Sorry, but I've had a tough day.
By fubar
From: Babylon
Jan 6, 2013
If you are doing the routes at the first cliff please be careful not to lower/rap off the end of your rope! This has happened to multiple parties up here with a 60m.
By David Enloe
Jul 18, 2014
A friend and I lost a dog up in the Hilton/Davis Lakes area on July 16th. If anyone notices any sign of a lost, 90lb, black/brindle (white chest) hound dog roaming around in the woods, please call David at 305-333-8681. Any sign of him, however uncertain, will be much appreciated. Thanks everyone!
By Todd Graham
Jan 13, 2016
In 2002 I told Marty Lewis that we needed a good crack climbing area on the East Side.
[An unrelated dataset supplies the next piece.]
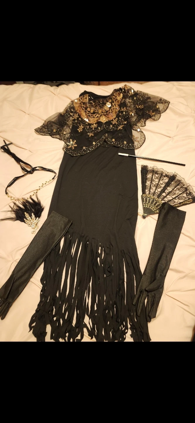 Selling a complete flapper dress costume, perfect for a themed party or event! It comes with all the accessories you see in the pictures, including a fan, gloves, and a headband. The dress is black with gold accents and has a fringed bottom. It's in great condition and ready to wear! Worn once. SIZE L

He said I should look at Patricia Bowl. I hiked/bushwhacked in and saw First Cliff ... oh man ... cracks everywhere on clean alpine granite. I saw no evidence of previous climbers although I knew some of the old timers had climbed in the bowl years earlier, though I didn't know where. I spent that summer putting up routes and being amazed at the quality of climbing in such a beautiful setting. We worked out the approach trail and soon this place became a great spot to climb during the height of the summer heat down lower.

The approach isn't too bad ... there should be cairns showing the way. The lake at the base of the cliff is shallow but gorgeous. A great place for a dip or to take a nap in the sun and watch your friends climb. The ledges at the bottom of Sons and Pie are exposed and not a great place for kids or dogs.